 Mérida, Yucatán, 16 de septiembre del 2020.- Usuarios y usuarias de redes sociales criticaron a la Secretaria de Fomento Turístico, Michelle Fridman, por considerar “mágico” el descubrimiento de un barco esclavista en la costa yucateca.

══════════

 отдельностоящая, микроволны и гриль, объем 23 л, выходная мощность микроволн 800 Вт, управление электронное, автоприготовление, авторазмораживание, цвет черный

══════════

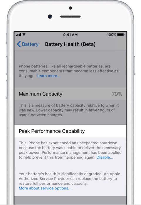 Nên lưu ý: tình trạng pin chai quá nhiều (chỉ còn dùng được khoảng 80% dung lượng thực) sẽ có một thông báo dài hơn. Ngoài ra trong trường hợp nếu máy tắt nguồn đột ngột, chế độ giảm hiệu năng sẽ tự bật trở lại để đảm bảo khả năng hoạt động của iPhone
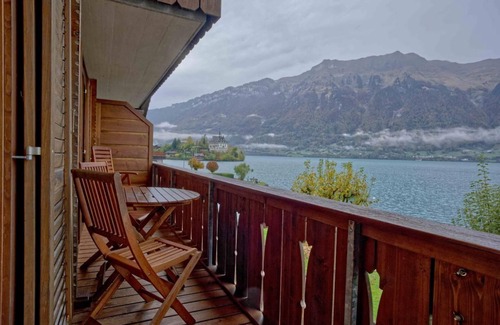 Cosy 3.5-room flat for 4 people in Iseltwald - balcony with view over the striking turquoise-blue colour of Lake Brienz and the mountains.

══════════

PROBLEM DETAILS: If a picture sits between the line containing "Nên lưu ý: tình" and the line containing "Cosy 3.5-room flat", leave it out, and return the lines of that range above exactly, both ends included.

WRITTEN SOLUTION:
 Nên lưu ý: tình trạng pin chai quá nhiều (chỉ còn dùng được khoảng 80% dung lượng thực) sẽ có một thông báo dài hơn. Ngoài ra trong trường hợp nếu máy tắt nguồn đột ngột, chế độ giảm hiệu năng sẽ tự bật trở lại để đảm bảo khả năng hoạt động của iPhone
 Cosy 3.5-room flat for 4 people in Iseltwald - balcony with view over the striking turquoise-blue colour of Lake Brienz and the mountains.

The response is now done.